The company recently embarked on a review of its creative advertising business in the US, which may be extended to the UK and Europe, following the merger of Glaxo Wellcome and SmithKline Beecham earlier this year.

The £30.1m (ALF March 2001) UK creative account is shared between Grey Worldwide, Ogilvy & Mather, McCann-Erickson and M&C Saatchi, which handled the corporate branding campaign for the merger.

Richard Perks, senior retail analyst at Retail Intelligence, believes it is “scare-mongering” on the part of the big drug companies to say the abolition of RPM will lead to the closure of smaller pharmacies.

“The major retailers have been giving intense competition to the smaller players for years, and the local pharmacies have more or less given up competing with these bigger players,” he says, adding: “The main income of the smaller pharmacies comes from dispensing prescriptions.”

Value Engineers director Steve Purnell foresees a period of instability in the pharmaceutical market as the smaller players struggle to ensure their survival.

“The smaller pharmacies will have to find a different angle and invest in their service levels, for instance.
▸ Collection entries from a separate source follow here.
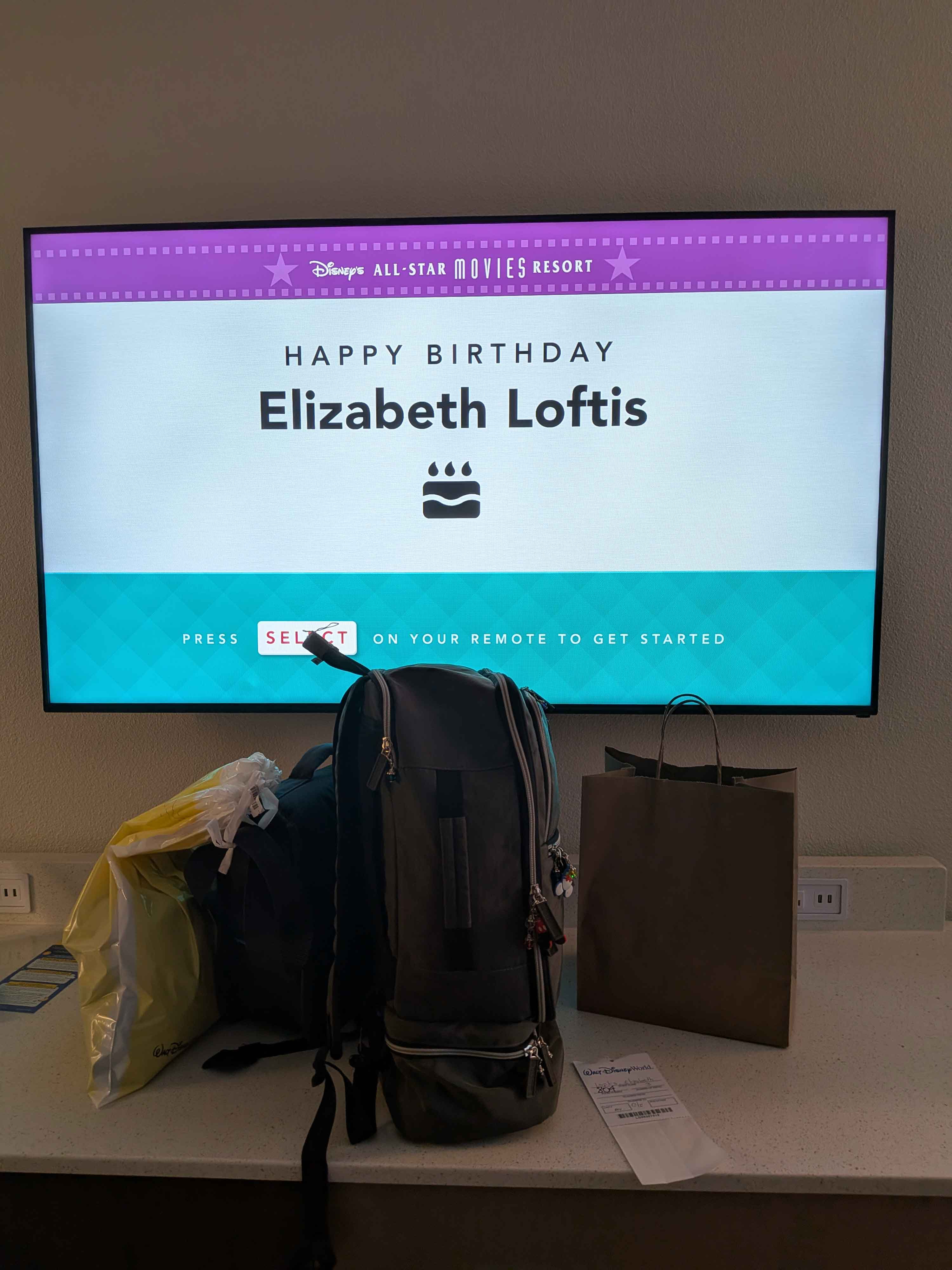 I don’t remember if I’ve mentioned it, but I went to Disney World for my birthday a few years ago, and they were out of birthday buttons. I asked everywhere. No one had any buttons. And… the actual day of the birthday didn’t go well. We went to Hollywood Studios, and we bought the – what were they called? Genie+ or something? I don’t remember. You had to wrestle with your phone about everything, just like right now. It was awful. There was line cutting everywhere, and the Rock’n’Roller Coaster broke down while we were in standby, but they didn’t let us out. It was just a bad day overall, much less a disappointing birthday. Even California Grill was a bummer. I’m so happy that this trip was going so much better. All I had to do was sacrifice a clever Madame Leota quote on a t-shirt to the Zazzle gods, and voila! Nice birthday weekend!
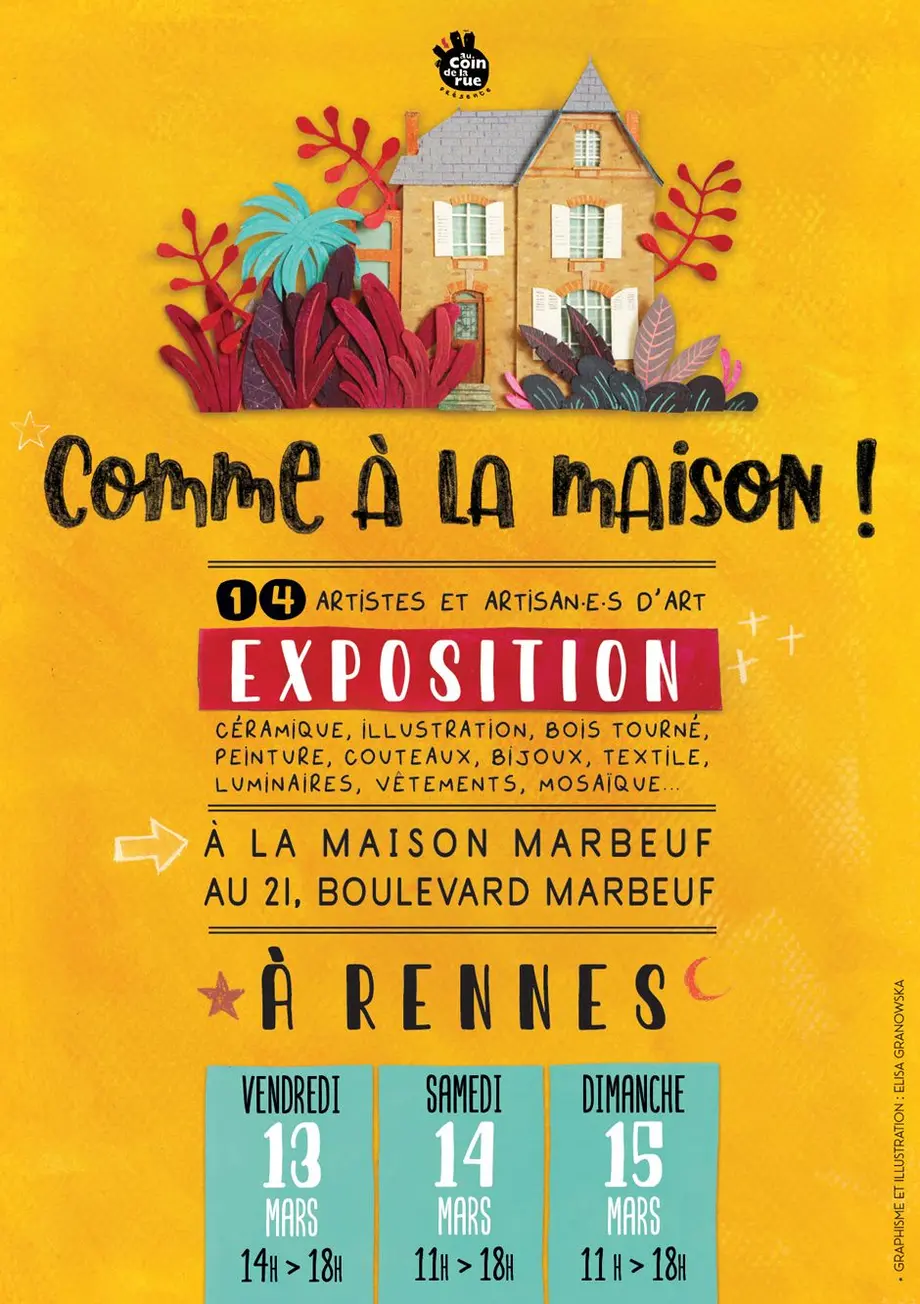 14 artistes et artisan.e.s d’art exposent leur travail à la Maison Marbeuf. Venez les rencontrer dans une ambiance conviviale et chaleureuse, « comme à la maison » dans ce tiers-lieu rennais.
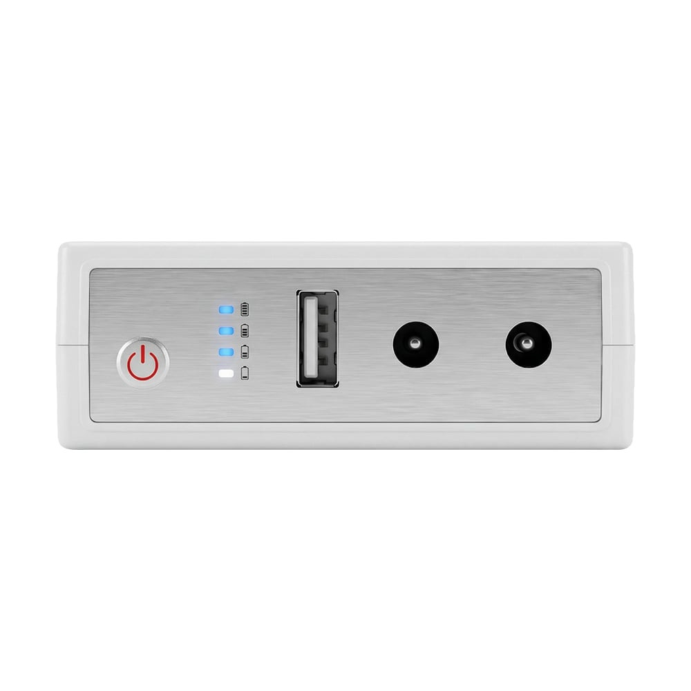 Комплект з мініДБЖ для роутера/ONU-термінала та блоку живлення. Джерело безперебійного живлення з 4 вбудованими акумуляторними батареями Li-ion ємністю 4000 мА·год (загальна ємність 16000 мА·год); максимальна загальна вихідна потужність 25 Вт; вихідні інтерфейси USB, DC *2, вихідна напруга 5 В + 12 В + 12 В; вихідна напруга/струм та максимальна потужність кожного виходу: USB: 5В/1.5А, DC1: 12В/1А, DC2: 12В/1А; вхідна напруга DC 12В/2А; роз’єм DC вхідний 5.5 / 2.1 мм, роз’єм DC вихідний 5.5 / 2.5 мм; розміри 132 / 79 / 28.5 мм, вага 379 г; у комплекті 2 кабелі DC-DC 5*2.5 довжиною 51 см кожен і роз’єм DC. Імпульсний блок живлення; номінальна вихідна напруга 12 В, вихідний струм 2 А, вихідна потужність 24 Вт; вхідна напруга 100-240 В; корпус ABS-пластик; роз’єм DC 5.5 / 2.5 мм; довжина шнура 90 см
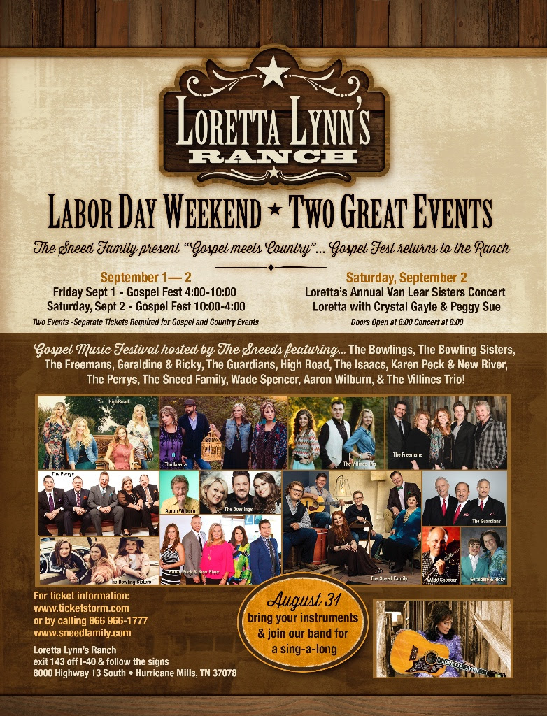 The highlight of the weekend will be a separate performance on Saturday, September 2, by the country music icon, Loretta Lynn along with the annual Van Lear Sisters Concert including Crystal Gayle and Peggy Sue. “This is where Gospel meets Country,†said Sneed. “Folks can enjoy two events in one location while enjoying the beauty of the Loretta Lynn Ranch on a holiday weekend,†he continued.
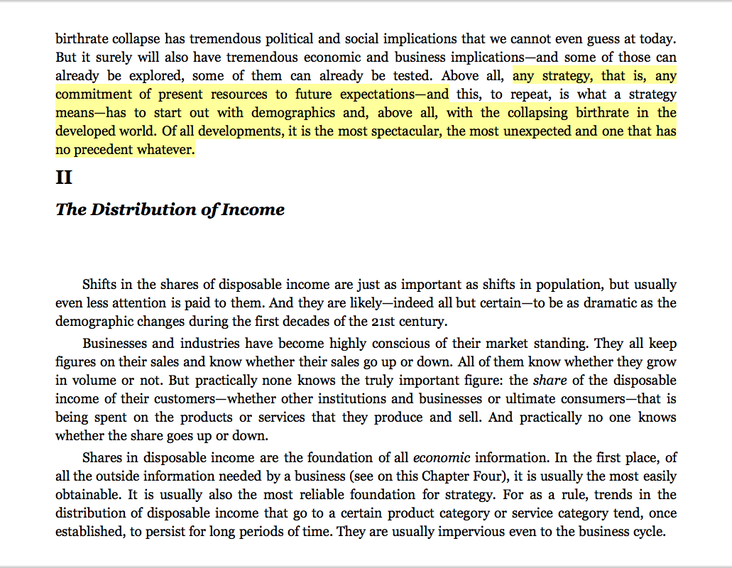 “Any strategy, that is, any commitment of present resources to future expectations . . . has to start out with demographics and, above all, with the collapsing birthrate in the developed world. Of all developments, it is the most spectacular, the most unexpected and one that has no precedent whatever.”
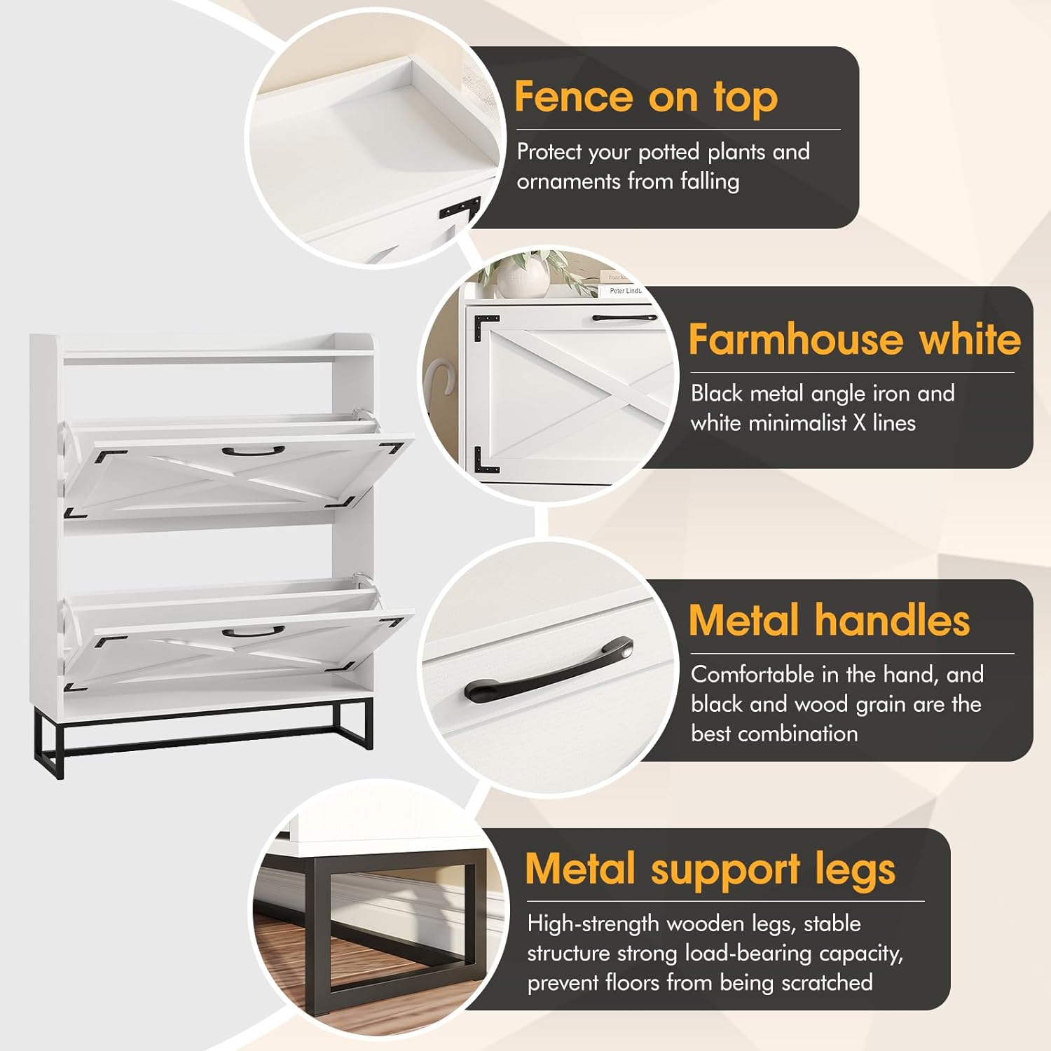 - Entryway Shoe Cabinet: The hidden shoe storage cabinet with 2 flip doors, stylish and simple black white makes it a neat and beautiful finish and looks great in many different home styles. Perfect for placing in the entryway, hallway, living room, or porch, provides a neat looking in your home and space saving

Also it would be in the interests of the manufacturers to help sustain the smaller pharmaceutical outlets,” he says.

Some argue that manufacturers of pills and potions do not need the protection of price-fixing, since their ability to patent new drugs, pricing them high and then marketing them aggressively, helps secure profits.

But for the major drug manufacturers, this shift in the balance of power towards the retailers, and the resulting dent in profits, however small it may turn out to be, is a bitter pill to swallow.

As one drug manufacturer says: “We might have to take the costs of all the price cuts from the big retailers, but the question is: why should we be expected to?”